Monday, 20 August 2012

Project: Available light (text)

This project looks at indoor lighting and outdoor lighting at night. Tungsten, flourescent and vapour lamps. Tungsten, the most likely found at home, photographs reddish, the setting on the camera is designed to deal with these lightbulbs.

Most indoor lighting in public places is flourescent, the results of which can appear greenish. Flourescent lighting seems white to the eye but the camera picks up the fact that the lamps put out an uneven mixture of colours. But the colour cast can instead be yellowish, and in any case lacking in 'colourfulness'. The problem for photography is that floursecent lighting does not emit a full spectrum of colours.

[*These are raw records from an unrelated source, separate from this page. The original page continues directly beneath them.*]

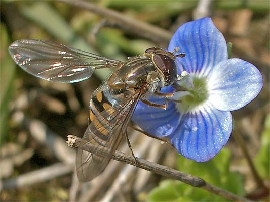 Persischer Ehrenpreis (Veronica persica) mit Hain-Schwebfliege (episyrphus balteatus) |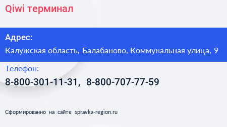 Qiwi, терминал по адресу Калужская область, Балабаново, Коммунальная улица, 9 в дальнейшем Организация, размещена в следующих категориях: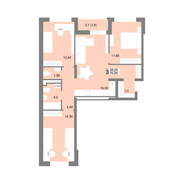 | Общая площадь: | 76.9 м2 |

Digital cameras have a white balance setting designed to compensate, but its not always as successful as for tungsten lighting, because the composition of flourescent lamps varies.

Most flouresent lamps are in the form of long tubes, although more recent kinds are shaped like rings or look like the rounder tungsten lamps. They are known as CFL (compact florescent lights) and are beginning to replace tungsten lamps in the home for cost and environmental reasons. They can be seen to flicker rapidly.

Vapour discharge lamps are the third kind of artificial light but are not as widely used as tungsten or flourescent, except for street lighting, floodlight of public buildings and sports stadiums. Sodium lamps are easy to spot, they look yellow and photograph yellow or yellow-green. These cannot be corrected.